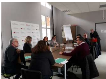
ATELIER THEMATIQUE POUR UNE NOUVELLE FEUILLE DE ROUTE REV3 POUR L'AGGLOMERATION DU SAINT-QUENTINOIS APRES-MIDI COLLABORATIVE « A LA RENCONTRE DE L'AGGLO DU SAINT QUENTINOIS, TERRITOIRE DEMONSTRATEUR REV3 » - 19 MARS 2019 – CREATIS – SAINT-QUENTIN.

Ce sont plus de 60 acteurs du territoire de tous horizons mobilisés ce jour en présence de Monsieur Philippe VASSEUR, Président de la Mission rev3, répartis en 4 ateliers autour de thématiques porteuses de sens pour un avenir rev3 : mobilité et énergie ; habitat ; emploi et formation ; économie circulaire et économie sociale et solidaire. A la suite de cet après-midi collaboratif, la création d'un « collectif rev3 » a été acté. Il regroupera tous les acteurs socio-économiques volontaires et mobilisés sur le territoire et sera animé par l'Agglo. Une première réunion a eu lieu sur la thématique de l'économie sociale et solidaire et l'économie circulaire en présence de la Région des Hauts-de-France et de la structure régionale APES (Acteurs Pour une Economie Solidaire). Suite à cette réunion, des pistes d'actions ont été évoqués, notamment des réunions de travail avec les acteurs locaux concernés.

——

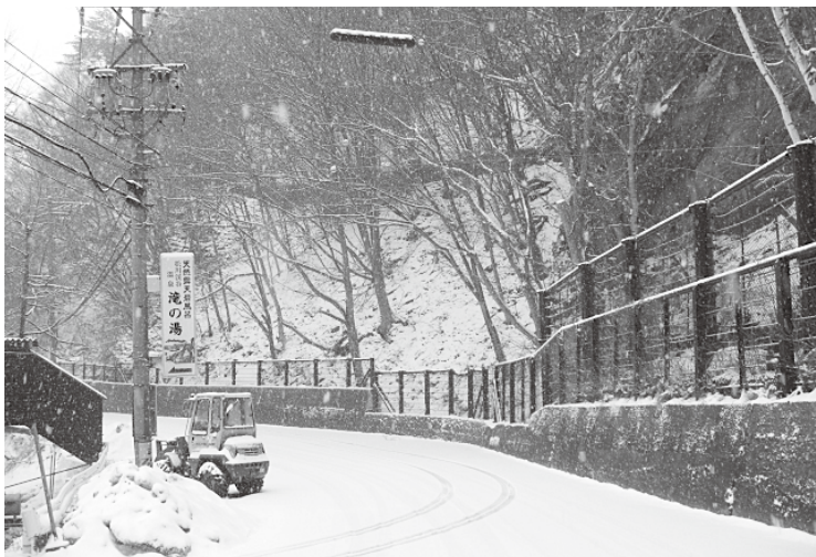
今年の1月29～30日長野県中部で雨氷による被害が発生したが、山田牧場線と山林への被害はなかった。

——

### WORK TO COMPLETE
In the listing above, find the line with "ATELIER THEMATIQUE POUR" and the line with "Ce sont plus", then print exactly those lines and every line between them.

### ANSWER SPACE
ATELIER THEMATIQUE POUR UNE NOUVELLE FEUILLE DE ROUTE REV3 POUR L'AGGLOMERATION DU SAINT-QUENTINOIS APRES-MIDI COLLABORATIVE « A LA RENCONTRE DE L'AGGLO DU SAINT QUENTINOIS, TERRITOIRE DEMONSTRATEUR REV3 » - 19 MARS 2019 – CREATIS – SAINT-QUENTIN.

Ce sont plus de 60 acteurs du territoire de tous horizons mobilisés ce jour en présence de Monsieur Philippe VASSEUR, Président de la Mission rev3, répartis en 4 ateliers autour de thématiques porteuses de sens pour un avenir rev3 : mobilité et énergie ; habitat ; emploi et formation ; économie circulaire et économie sociale et solidaire. A la suite de cet après-midi collaboratif, la création d'un « collectif rev3 » a été acté. Il regroupera tous les acteurs socio-économiques volontaires et mobilisés sur le territoire et sera animé par l'Agglo. Une première réunion a eu lieu sur la thématique de l'économie sociale et solidaire et l'économie circulaire en présence de la Région des Hauts-de-France et de la structure régionale APES (Acteurs Pour une Economie Solidaire). Suite à cette réunion, des pistes d'actions ont été évoqués, notamment des réunions de travail avec les acteurs locaux concernés.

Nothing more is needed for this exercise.